Please repeat, exactly and without pictures, the lines of the entries below that run from the one containing "ODA-MH100 – ультразвуковая" through the one containing "Мощность 500Вт. 5".

- **Data records**
※ ※ ※

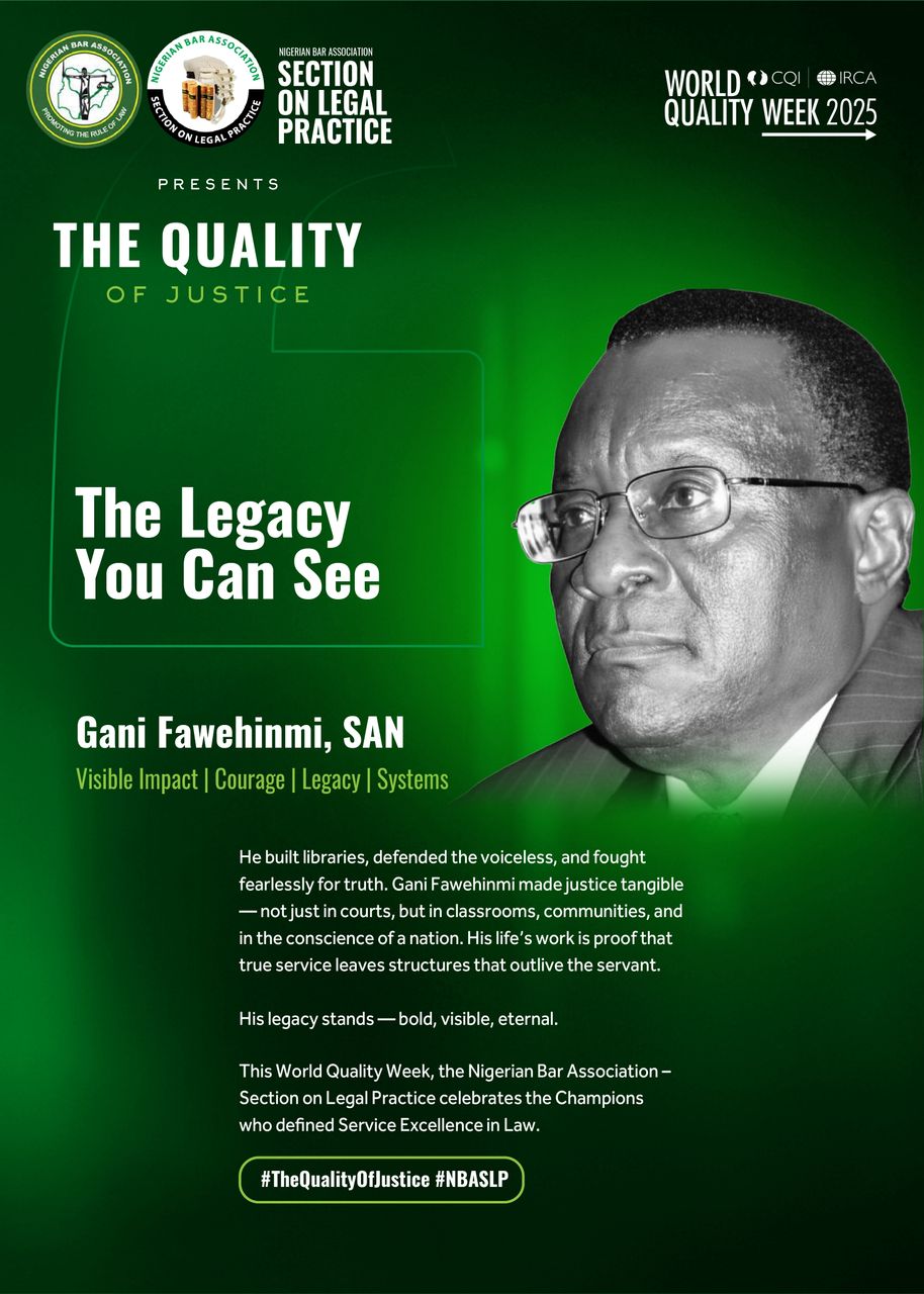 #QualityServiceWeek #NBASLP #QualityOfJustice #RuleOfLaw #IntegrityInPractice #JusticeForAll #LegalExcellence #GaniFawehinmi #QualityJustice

※ ※ ※

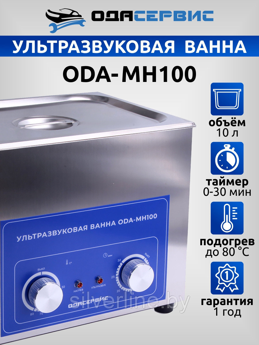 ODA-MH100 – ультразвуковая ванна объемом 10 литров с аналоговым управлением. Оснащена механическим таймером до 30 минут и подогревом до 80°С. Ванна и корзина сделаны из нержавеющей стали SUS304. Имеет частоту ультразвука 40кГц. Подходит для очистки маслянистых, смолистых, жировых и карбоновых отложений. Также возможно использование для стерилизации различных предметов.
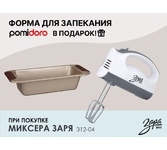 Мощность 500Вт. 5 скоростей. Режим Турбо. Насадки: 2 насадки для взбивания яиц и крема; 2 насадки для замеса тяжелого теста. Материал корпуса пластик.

※ ※ ※

- **Written solution**
 ODA-MH100 – ультразвуковая ванна объемом 10 литров с аналоговым управлением. Оснащена механическим таймером до 30 минут и подогревом до 80°С. Ванна и корзина сделаны из нержавеющей стали SUS304. Имеет частоту ультразвука 40кГц. Подходит для очистки маслянистых, смолистых, жировых и карбоновых отложений. Также возможно использование для стерилизации различных предметов.
 Мощность 500Вт. 5 скоростей. Режим Турбо. Насадки: 2 насадки для взбивания яиц и крема; 2 насадки для замеса тяжелого теста. Материал корпуса пластик.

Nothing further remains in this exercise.